Brief, high-dose steroid treatment offers extended relief to giant cell arteritis patients

ATLANTA -- A new study offers both hope and a practical treatment option for patients with giant cell arteritis (GCA). Researchers from Emory University and the Mayo Clinic have found that by treating newly diagnosed GCA patients with just three days of a high-dose intravenous steroid, patients relapsed less in the following year and were able to significantly taper off usage of an oral steroid. The study is published in the October issue of the journal Arthritis & Rheumatism.

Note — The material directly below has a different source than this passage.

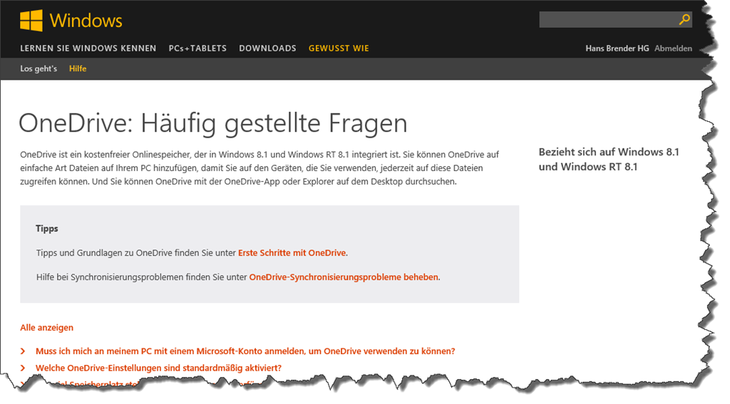 | Windows 8.1 | OneDrive: Häufig gestellte Fragen | ![]() |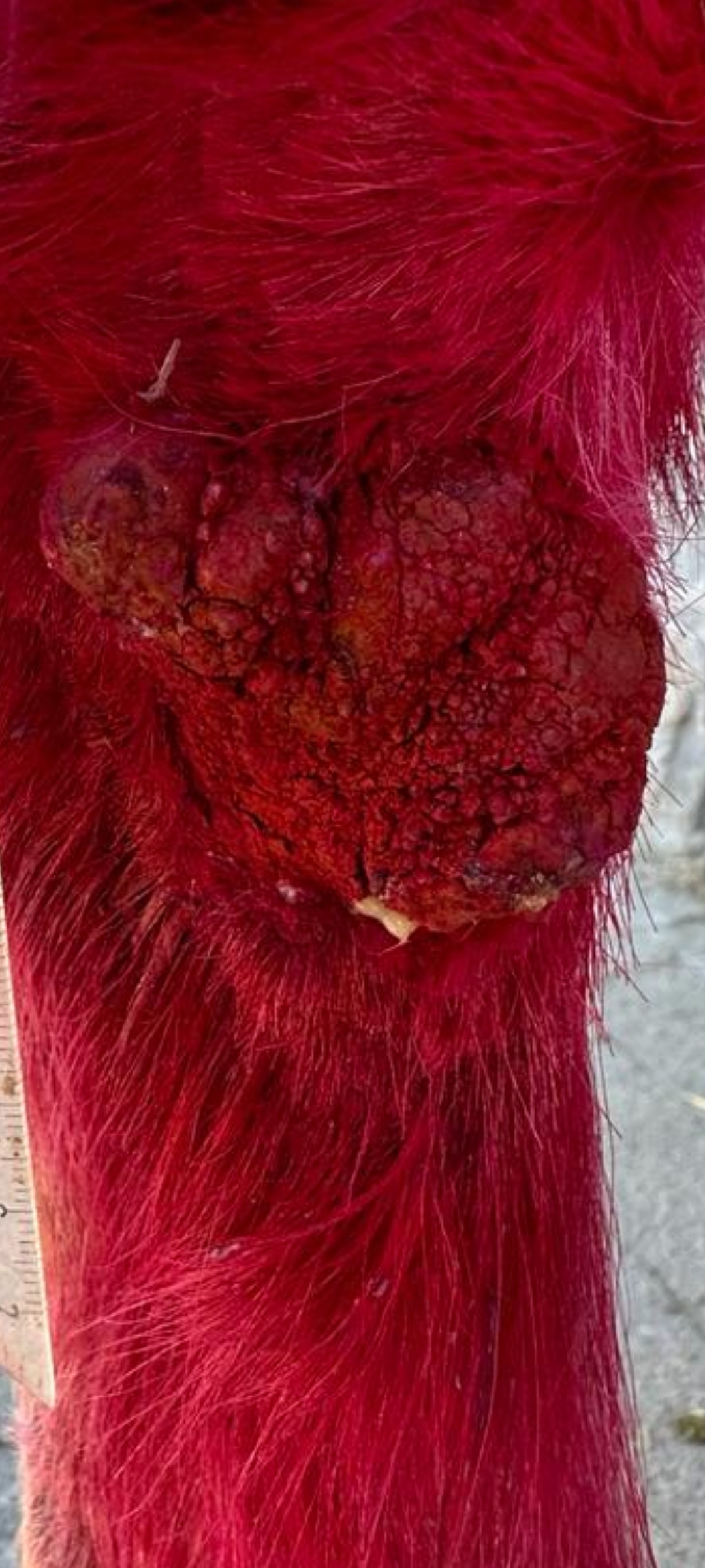 Leider wächst das Sarkoid weiter und ich komme jetzt weg von den harmlosen nicht hilfreichen Sachen und stehe vor der Wahl das Compxx zu wählen oder die Creme von Knottenbelt. Die Tierklinik in der Schweiz würde mir diese besorgen.

Giant cell arteritis is characterized by inflammation of arteries, primarily in the head, and affects 20 out of every 100,000 people. GCA inflammation may lead to swelling and headaches, or, as it progresses, vision loss, strokes and aortic aneurysms. While past research has shown a genetic link to the disease, which primarily affects Caucasian women over the age of 50, there is no known cause or cure.

For the last 40 years, physicians have been able to treat and reverse some symptoms of GCA by prescribing prednisone, to be taken daily over a year or more. "Patients improve promptly and reliably, within days of when we treat them," says Cornelia M. Weyand, MD, PhD, co-director of the Kathleen B. and Mason I. Lowance Center for Human Immunology at Emory University and an author of the paper. "The problem is that patients have to take prednisone for a long time and in high doses, and they are at risk of developing side effects." Common side effects include hypertension, diabetes and osteoporosis.

While scientists have attempted to develop new drugs that would be more effective and have fewer side effects, their results have been unsuccessful. "We and others tried to look into other types of treatments that could help with this disease," says Jrg Goronzy, MD, PhD, senior author of the paper, and co-director of the Lowance Center.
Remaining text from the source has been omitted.